Your program would look something like:

 

(defun c:maxsag (    /    )
(setq polea (getreal "\nEnter pole A height.")
      poleb (getreal "\nEnter pole B height.")
... continue for the other input values
...

(setq x1 (...
      sag1 (...
(setq sagele  (- polea sag1))  
(princ "\nElevation of lowest point of sagging cable is: ")
(princ sagele)
...

)

If you would prefer to reference geometry in your drawing you could modify the input to use getpoint instead of getreal.

[WHM]

Thanks for this, I'm learning quite a lot!

 

The main thing I'm trying to make with this, is add this to a whole framework I'm writing. Poles get placed from the top down, so you'll never see the cable curve. All pole and cable characteristics gets saved within their own dictionaries & xrecords, so the info will be pulled from dictionaries.

 

I'm trying to prevent my draughtsman from accidentally placing a pole to far away from the previous one. The sag will always be set to 1% of the poles length.
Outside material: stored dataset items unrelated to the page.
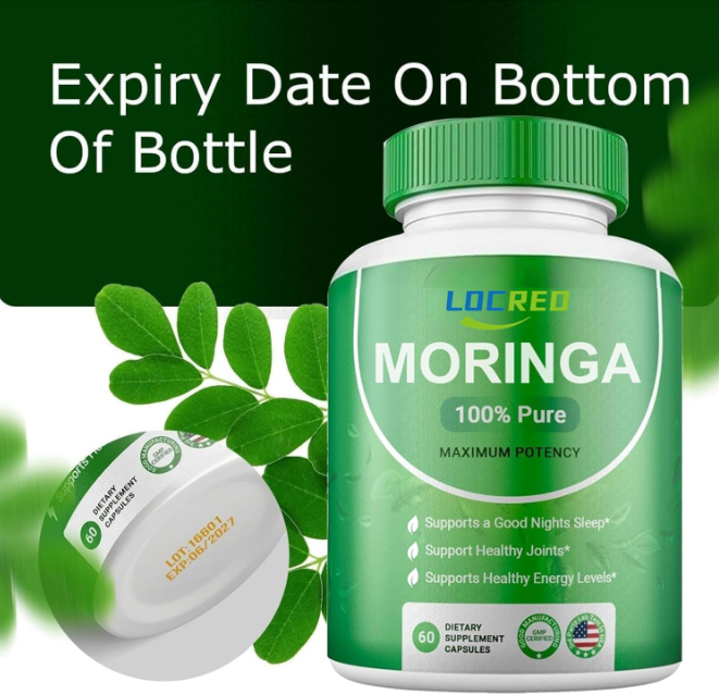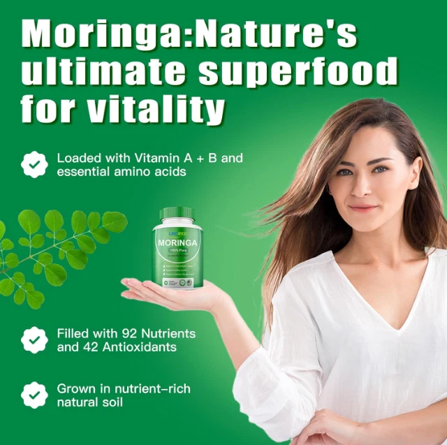 Moringa Powder Capsules - 800mg of Pure Nutrient US Warehouse - FREE & FAST Shipping in US Product Description: These statements have not been evaluated by the FDA. This product is not intended to diagnose, treat, cure, or prevent any disease or health condition. Product Description: Moringa Powder Capsules - 800mg of Pure Nutrient-Rich Moringa Powder - A Natural Green Antioxidant Superfood - Supports Energy, Skin Health, Gut Health+ Essential Vitamins & Amino Acids The Ultimate Green Superfood: Packed with more nutrients per gram than any other plant, Moringa contain 27 vitamins, 9 essential amino acids, 46 antioxidants + numerous other minerals & nutrients - a perfect boost to overall wellness and vitality. Vitamin Powerhouse: Contains 7 times more vitamin C than oranges, 10 times more vitamin A than carrots, 17 times more calcium than milk, 9 times more protein than yogurt, 15 times more potassium than bananas, and 25 times more iron than spinach. Difference: we're committed to superior quality and transparency. Our Moringa is passionately grown, ethically sourced, and produced with your health in mind. Holistic Health Benefits: Supports Immune function, Gut health, Skin health, & Energy with our natural, nutrient-dense Moringa. Feedback: 1.Any question for your order, please contact us in time, we will reply to you within 24 hours and give you a satisfactory answer. 2.If you are satisfied with our products and services, hope to take up your a little precious time to leave feedback reviews for our products.Thanks! 3.Your satisfaction is our effort. Welcome to order again! Have a great day! Our Policy: 100% Satisfaction Guarantee 20% of restocking fee will be charged for return item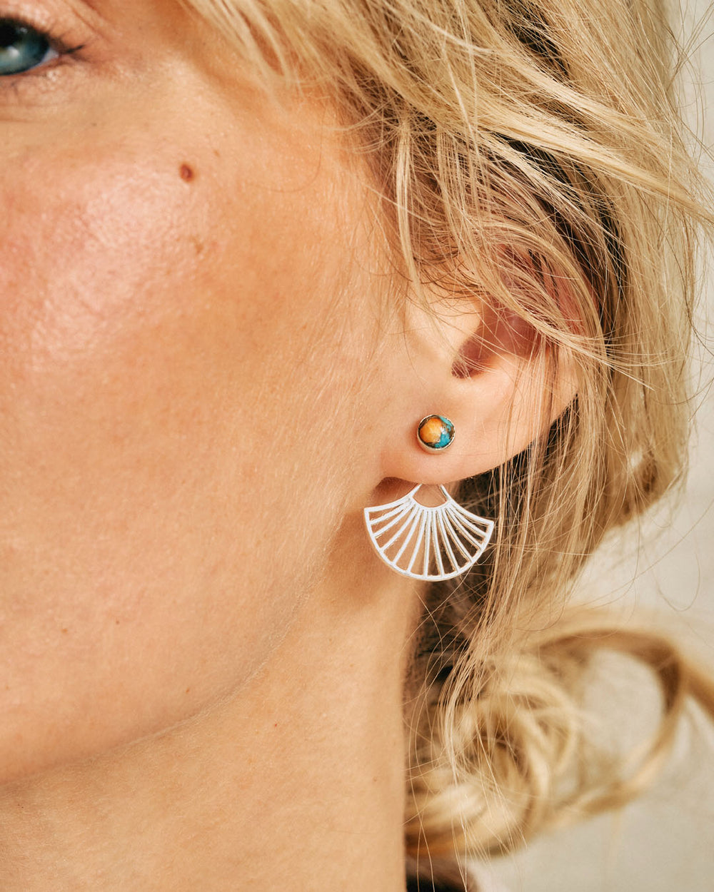 Oyster copper turquoise ear jacket earrings with a stunning sterling silver fan design that evokes the vibes of vintage jewelry. These versatile and dainty earrings will quickly become your everyday favorites!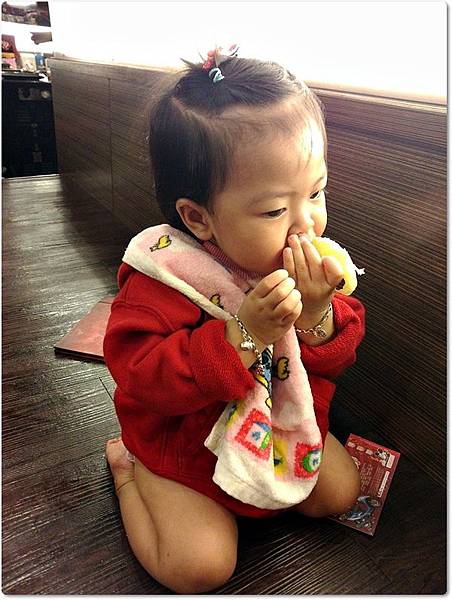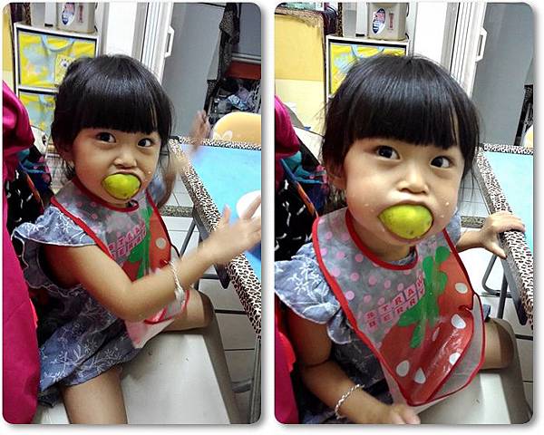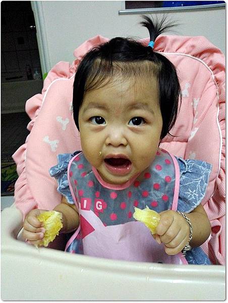 回家後,晚餐吃飽後,水果是柳丁,妞看我們吃就一直吵著也要吃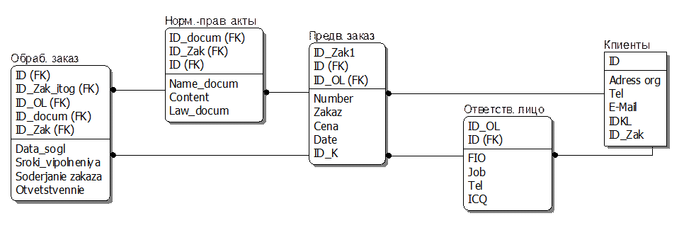Для автоматизации был выбран блок «Обработка заказа». Построена ER-диаграмма: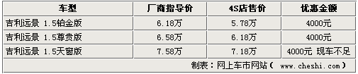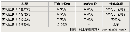 作為一款上市時間較長的車型,吉利遠景系列近期也開始加大優惠幅度促銷。網上車市網站近日由經銷商處了解到,現在購買遠景車型,將享受到最高5000元的現金優惠,不過各家4S店內的車型并不齊全,部分車型仍處于無車的狀態。具體詳情如下: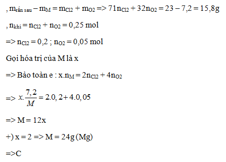 Đốt cháy hoàn toàn 7,2 gam kim loại M (có hoá trị không đổi trong hợp chất) trong hỗn hợp khí Cl2 và O2. Sau phản ứng thu được 23 gam chất rắn và thể tích hỗn hợp khí đã phản ứng là 5,6 lít (ở đktc). Kim loại M là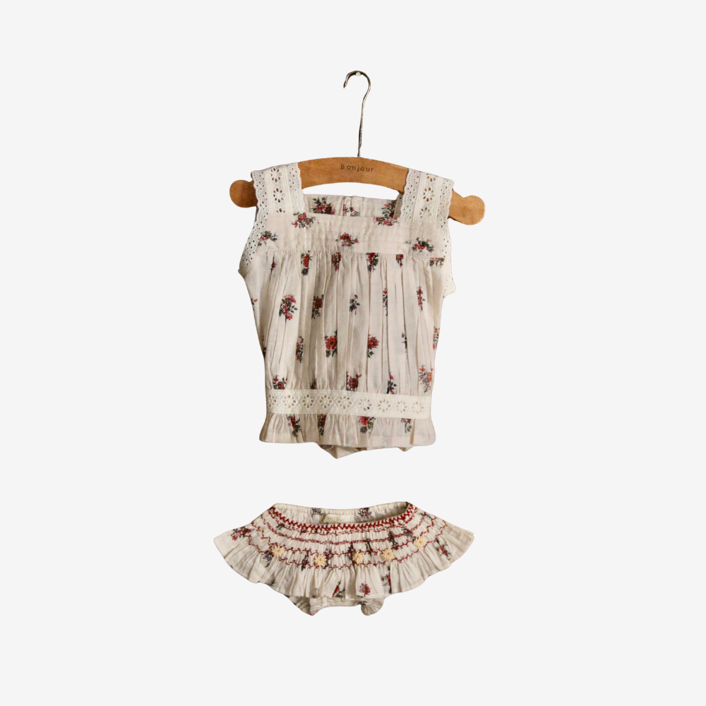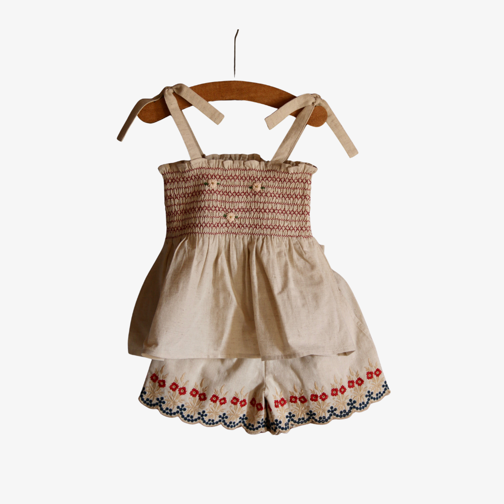 Bonjour Diary Shorts & top set, Natural cotton flex with multi color eyelet emb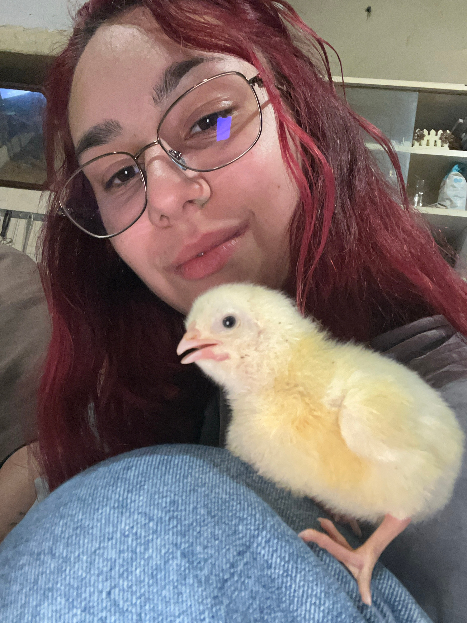 A woman with red hair and glasses is holding a yellow chick. The chick is perched on her blue jeans-clad leg. The background is a room with a shelf unit containing various objects. The location in the…read more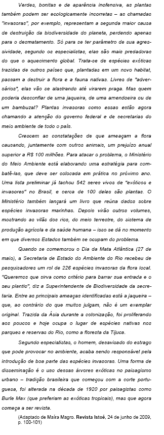 Instruções: As questões de números 12 a 20 baseiam-se no texto apresentado abaixo.

If you look at the (_maxlength) function I've written it does exactly that, but it assumes that poles are all the same height, where we do have rare occasions where we'll have a longer pole.

 

Here is more realistic cable specs:

 

Pole A = 5.4 (so max sag will be 0.054)

Pole B = 7.2 (so max sag will be 0.072)

Weight per unit = 0.105

Tension = 1300

 

This has been a great learning curve (pun intended) so far!

 

[lrm]

To better understand your objective I set up the simple Excel worksheet I referenced in an earlier post.  I assume the goal for the max sag should be applied to the shorter of the two poles as this point will obviously be lower than the sag for the taller pole otherwise there might be zero sag for the shorter pole.  Is that correct?

 

Using Excel's Goal Seek function and setting a goal of 0.054 for the sag at A it calculates a value for L of 250.7.  Does that seem reasonable?